*** Extracted information ***
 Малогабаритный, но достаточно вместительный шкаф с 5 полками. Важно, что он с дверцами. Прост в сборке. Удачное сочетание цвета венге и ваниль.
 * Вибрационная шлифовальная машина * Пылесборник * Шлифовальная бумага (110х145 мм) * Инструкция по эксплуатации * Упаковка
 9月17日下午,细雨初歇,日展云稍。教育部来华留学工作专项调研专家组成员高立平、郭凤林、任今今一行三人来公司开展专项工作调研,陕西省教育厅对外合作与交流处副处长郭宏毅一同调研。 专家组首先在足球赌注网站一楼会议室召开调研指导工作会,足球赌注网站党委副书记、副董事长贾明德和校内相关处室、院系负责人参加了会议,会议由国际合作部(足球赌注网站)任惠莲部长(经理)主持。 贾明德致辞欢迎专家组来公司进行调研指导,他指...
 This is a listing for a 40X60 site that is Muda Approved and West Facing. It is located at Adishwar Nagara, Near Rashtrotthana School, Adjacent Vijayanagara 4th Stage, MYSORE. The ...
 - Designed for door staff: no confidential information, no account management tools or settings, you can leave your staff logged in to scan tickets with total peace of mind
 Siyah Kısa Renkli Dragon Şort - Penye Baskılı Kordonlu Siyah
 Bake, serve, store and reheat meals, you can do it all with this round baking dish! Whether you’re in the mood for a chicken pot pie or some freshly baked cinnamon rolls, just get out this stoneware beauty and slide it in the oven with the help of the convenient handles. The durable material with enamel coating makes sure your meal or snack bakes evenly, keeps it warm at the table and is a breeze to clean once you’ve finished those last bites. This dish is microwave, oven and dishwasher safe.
*** End of Extracted information ***
*** Extracted information ***
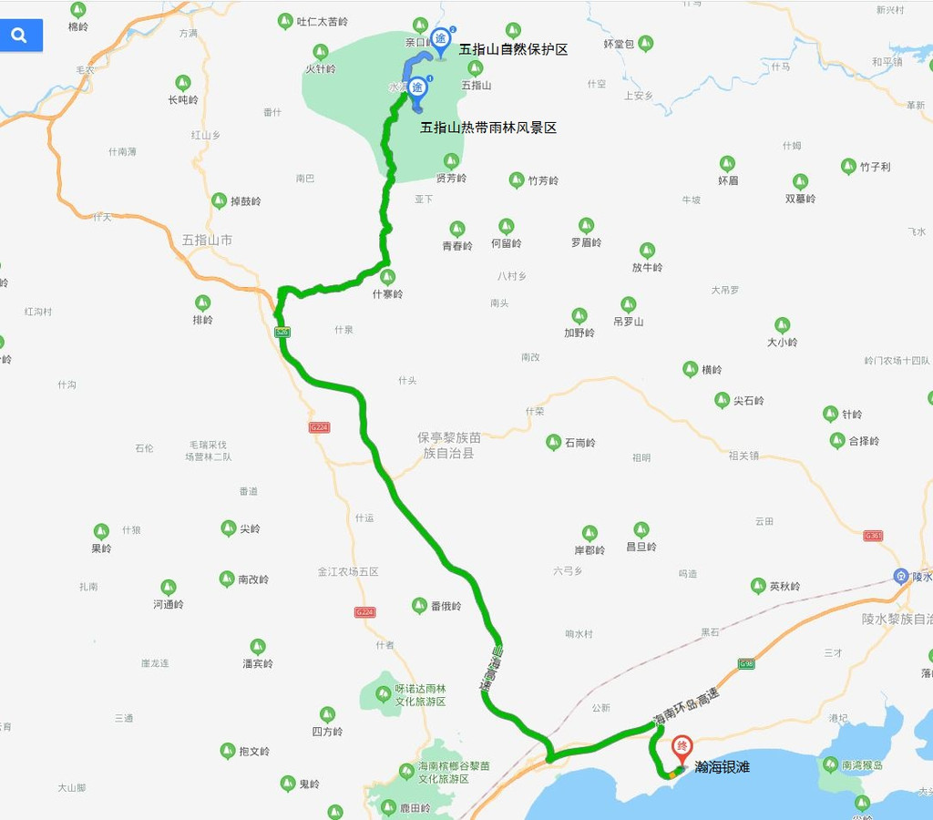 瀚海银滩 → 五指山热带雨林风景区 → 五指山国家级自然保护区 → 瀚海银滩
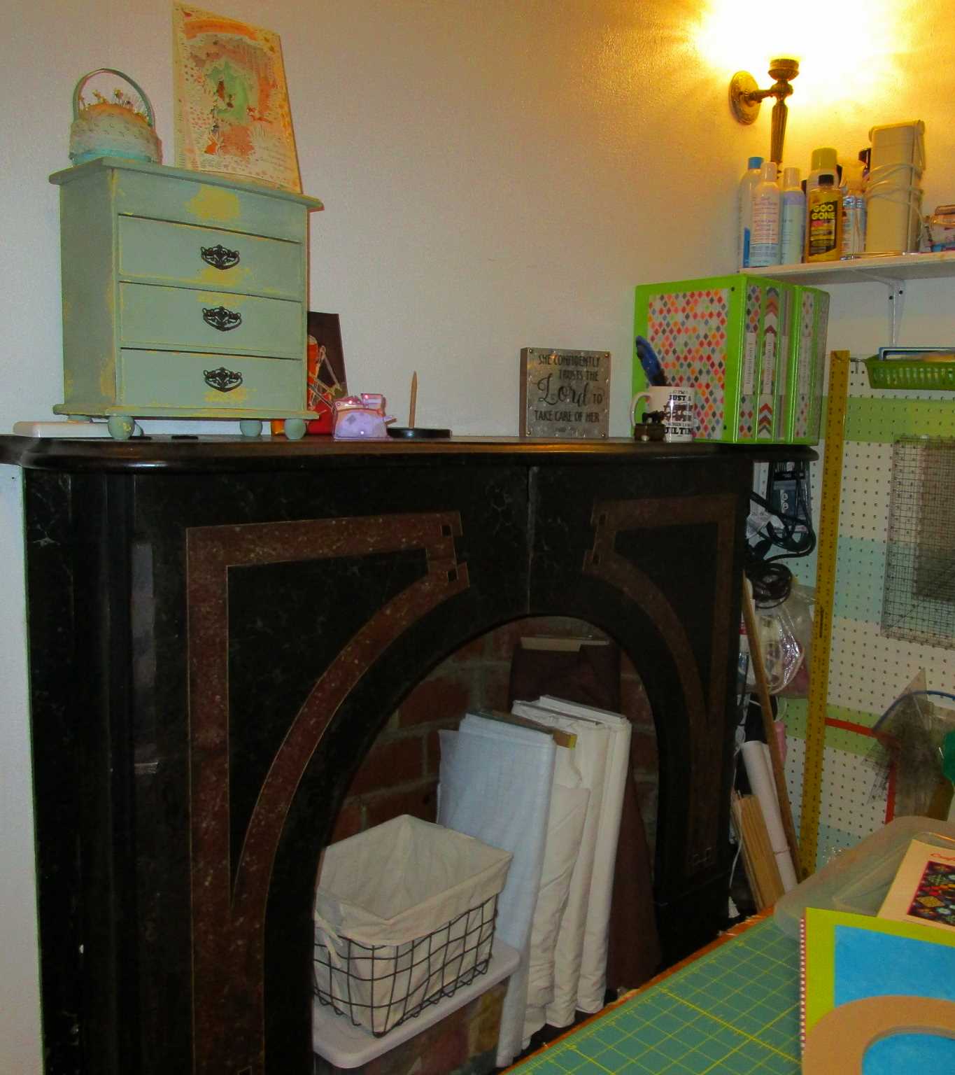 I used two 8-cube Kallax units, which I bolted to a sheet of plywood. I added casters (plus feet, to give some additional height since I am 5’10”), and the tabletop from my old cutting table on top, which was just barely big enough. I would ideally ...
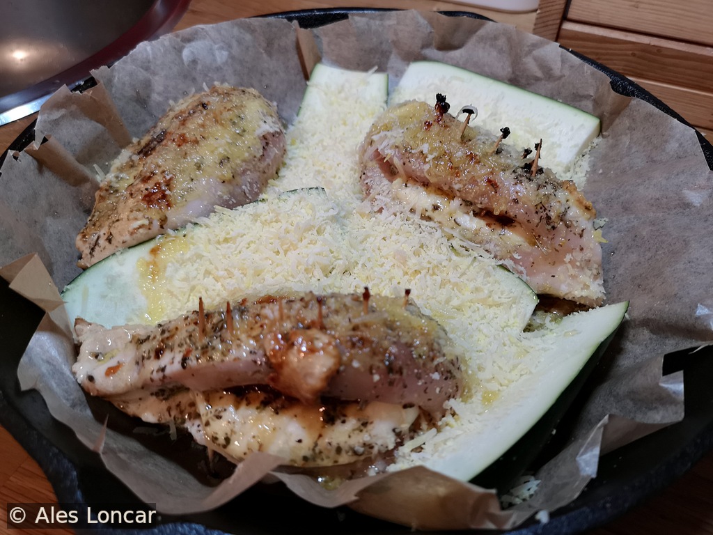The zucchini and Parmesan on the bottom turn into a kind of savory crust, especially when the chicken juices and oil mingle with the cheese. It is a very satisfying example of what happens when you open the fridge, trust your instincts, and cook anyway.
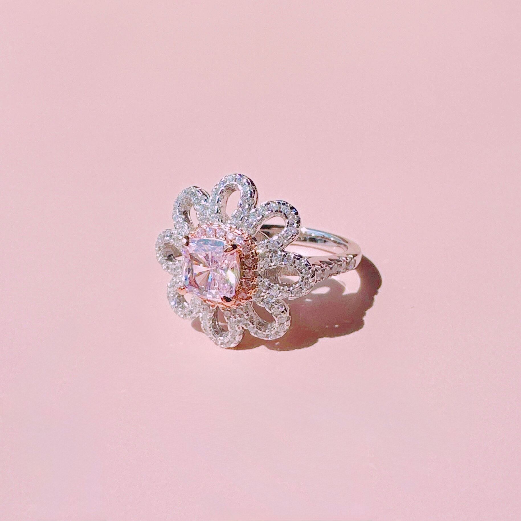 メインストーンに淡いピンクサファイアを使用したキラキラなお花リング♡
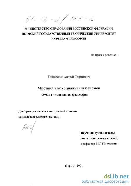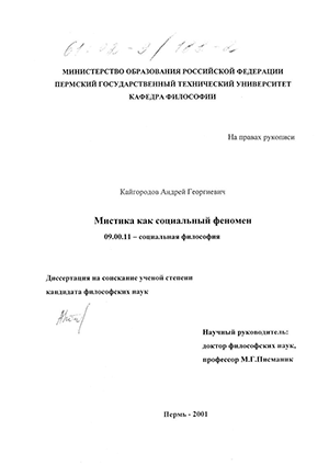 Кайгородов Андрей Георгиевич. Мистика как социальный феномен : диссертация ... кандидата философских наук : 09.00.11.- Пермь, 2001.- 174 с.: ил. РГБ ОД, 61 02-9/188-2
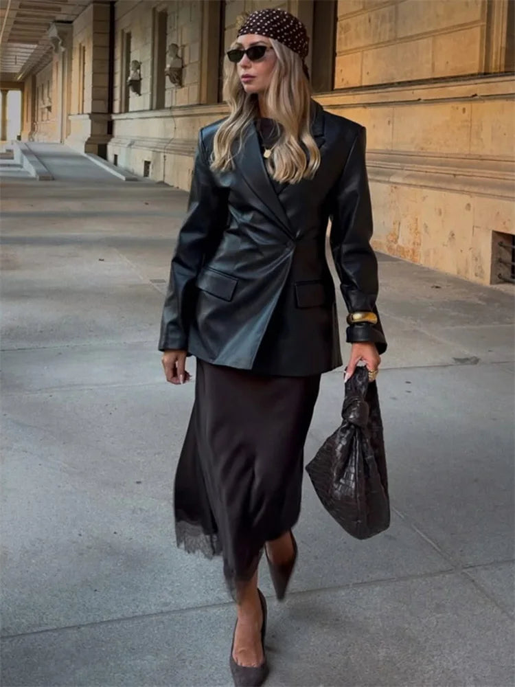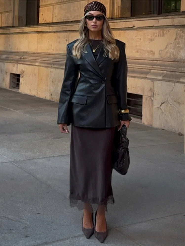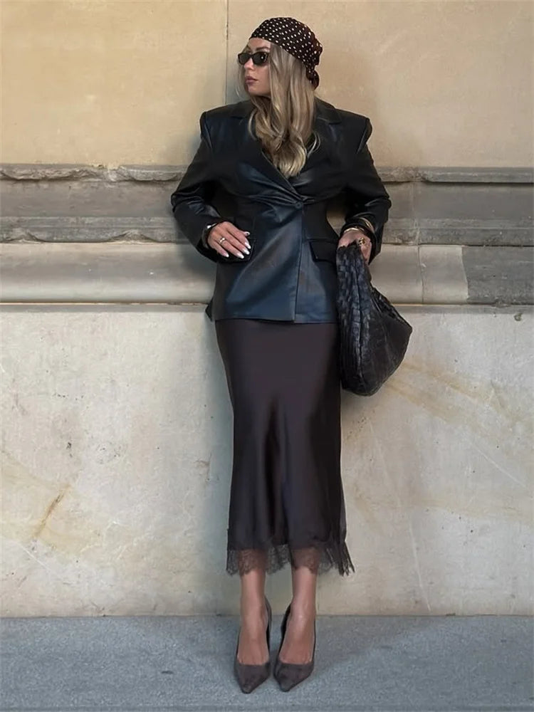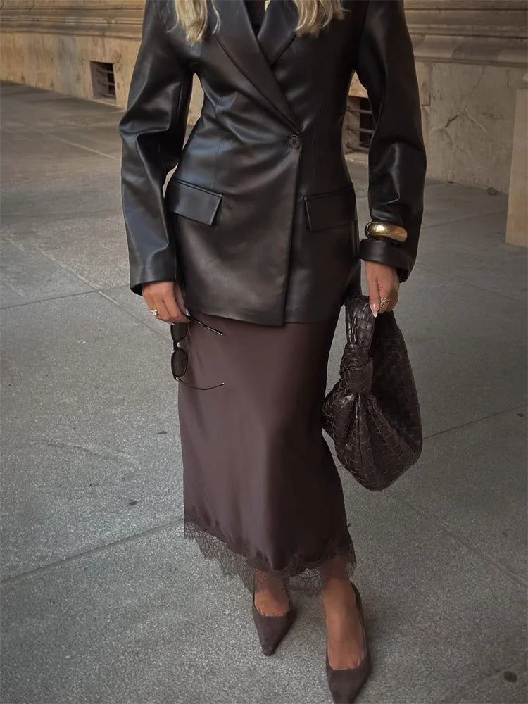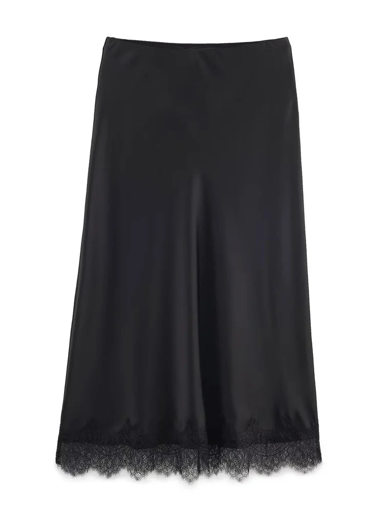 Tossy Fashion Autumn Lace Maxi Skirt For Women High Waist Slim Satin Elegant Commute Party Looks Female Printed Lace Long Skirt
*** End of Extracted information ***
*** Extracted information ***
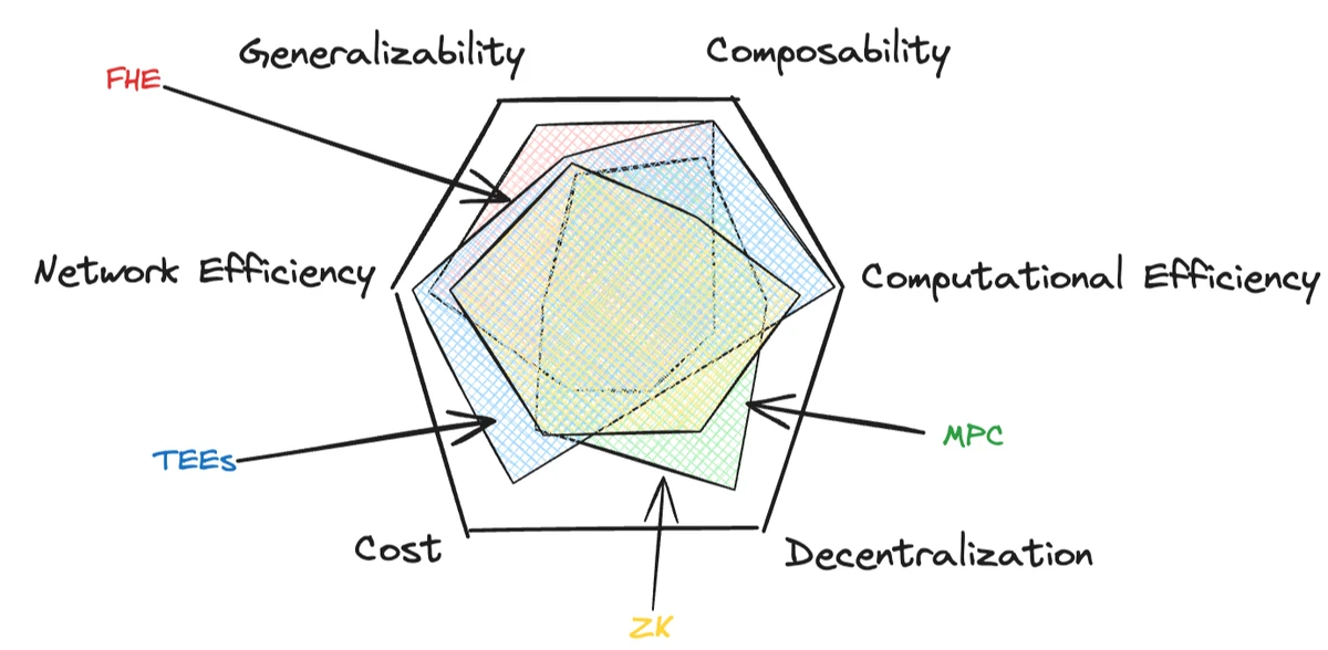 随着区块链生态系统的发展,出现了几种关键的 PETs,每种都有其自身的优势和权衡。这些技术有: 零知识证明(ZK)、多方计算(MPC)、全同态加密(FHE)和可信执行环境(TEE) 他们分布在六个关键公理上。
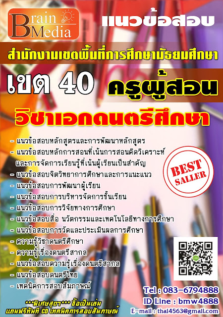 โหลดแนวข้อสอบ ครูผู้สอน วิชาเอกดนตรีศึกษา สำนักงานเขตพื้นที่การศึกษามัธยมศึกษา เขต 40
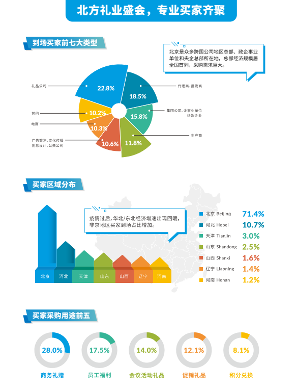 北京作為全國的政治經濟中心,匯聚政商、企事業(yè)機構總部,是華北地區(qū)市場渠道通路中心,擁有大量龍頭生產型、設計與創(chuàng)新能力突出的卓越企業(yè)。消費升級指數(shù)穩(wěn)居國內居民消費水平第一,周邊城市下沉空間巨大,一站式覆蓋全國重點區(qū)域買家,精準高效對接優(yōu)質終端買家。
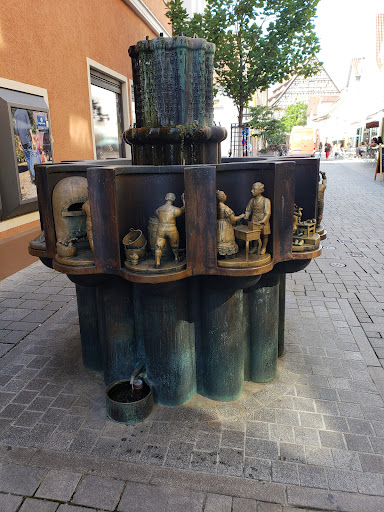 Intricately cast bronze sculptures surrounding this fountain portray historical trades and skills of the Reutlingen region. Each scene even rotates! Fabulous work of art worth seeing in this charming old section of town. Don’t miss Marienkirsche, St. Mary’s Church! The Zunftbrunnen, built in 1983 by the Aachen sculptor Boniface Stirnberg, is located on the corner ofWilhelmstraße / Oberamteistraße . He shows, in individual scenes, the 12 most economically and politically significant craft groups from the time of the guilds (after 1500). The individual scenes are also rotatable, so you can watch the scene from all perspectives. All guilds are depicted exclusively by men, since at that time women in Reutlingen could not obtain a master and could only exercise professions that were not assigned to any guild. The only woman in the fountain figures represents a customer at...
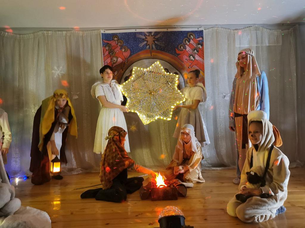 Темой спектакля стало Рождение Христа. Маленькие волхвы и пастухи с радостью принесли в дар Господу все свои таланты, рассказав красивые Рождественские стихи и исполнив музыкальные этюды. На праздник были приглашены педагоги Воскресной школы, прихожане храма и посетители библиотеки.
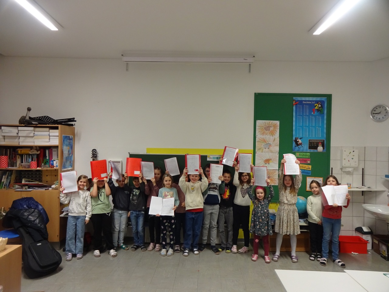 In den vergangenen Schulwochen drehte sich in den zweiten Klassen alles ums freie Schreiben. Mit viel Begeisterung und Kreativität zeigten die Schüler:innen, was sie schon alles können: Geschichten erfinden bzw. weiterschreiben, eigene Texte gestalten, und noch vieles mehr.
*** End of Extracted information ***
Work to be completed » In the data above, take the line with "โหลดแนวข้อสอบ ครูผู้สอน วิชาเอกดนตรีศึกษา", the line with "北京作為全國的政治經濟中心,匯聚政商、企", and every line between, and set them down exactly without pictures.

Solution to this exercise »
 โหลดแนวข้อสอบ ครูผู้สอน วิชาเอกดนตรีศึกษา สำนักงานเขตพื้นที่การศึกษามัธยมศึกษา เขต 40
 北京作為全國的政治經濟中心,匯聚政商、企事業(yè)機構總部,是華北地區(qū)市場渠道通路中心,擁有大量龍頭生產型、設計與創(chuàng)新能力突出的卓越企業(yè)。消費升級指數(shù)穩(wěn)居國內居民消費水平第一,周邊城市下沉空間巨大,一站式覆蓋全國重點區(qū)域買家,精準高效對接優(yōu)質終端買家。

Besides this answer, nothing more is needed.